Rsync-avz foo:src/bar//data/tmp

The path information at the end of "/" means that the directory is copied, not the "/" at the end of the directory. The difference between the two cases will be shown when the--delete option is used with mates.

Rsync can also be used in local mode if the SRC and DST paths do not have any ":" symbols indicating that the command is running in local mode, equivalent to the CP command.

Rsync somehost.mydomain.com::

This mode will list somehost.mydomain.com.
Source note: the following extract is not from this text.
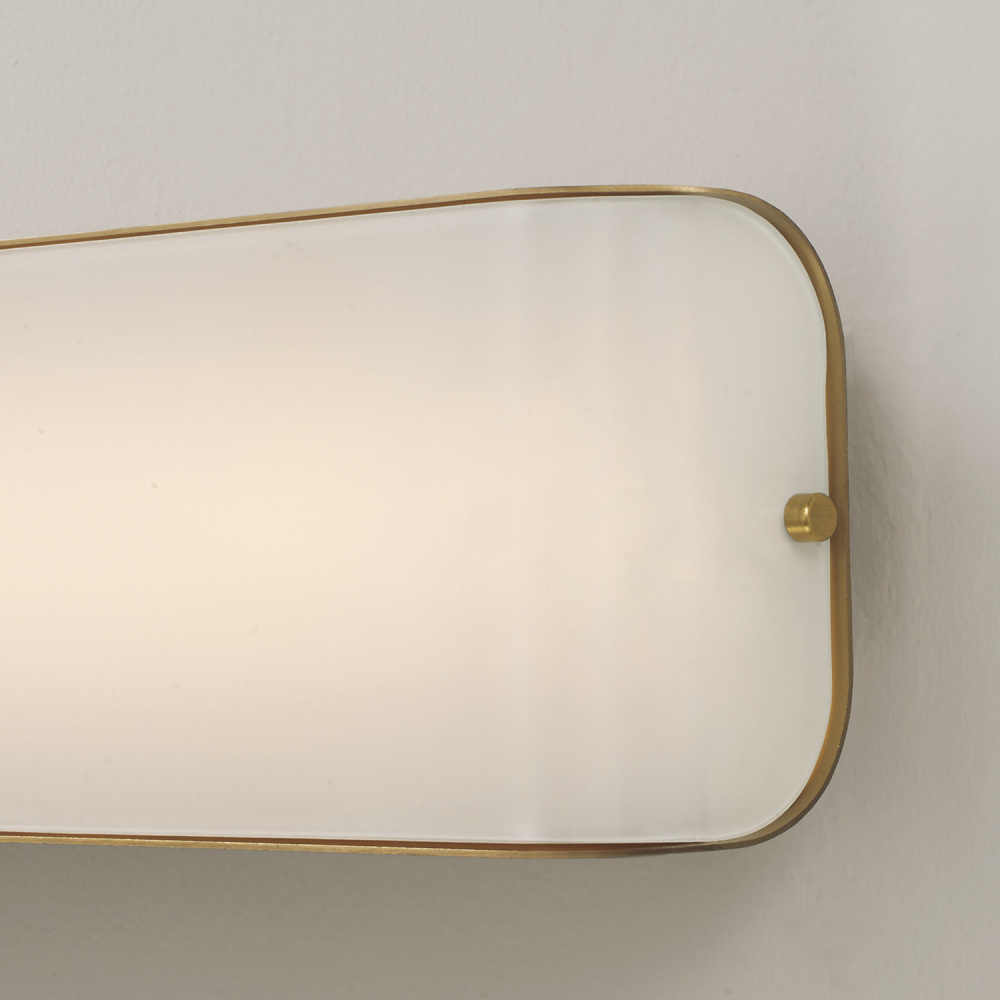 DETAILS: Grounded by an Aged Brass metal base, the curved glass panel creates a smooth, beautiful glow from the chic silhouette.

All module information that can be accessed.

Option description

-V,--verbose verbose mode output
-Q,--quiet thin output mode
-C,--checksum turn on the check switch to force verification of file transfers
-A,--archive archive mode, which means to transfer files recursively and keep all file attributes equal to-rlptgod
-R,--recursive subdirectories in recursive mode
-R,--relative using relative path information

Rsync foo/bar/foo.c remote:/tmp/

The foo.c file is created in the/tmp directory, and if you use the-R parameter:

Rsync-r foo/bar/foo.c remote:/tmp/

The file/tmp/foo/bar/foo.c is created, that is, the full path information is maintained.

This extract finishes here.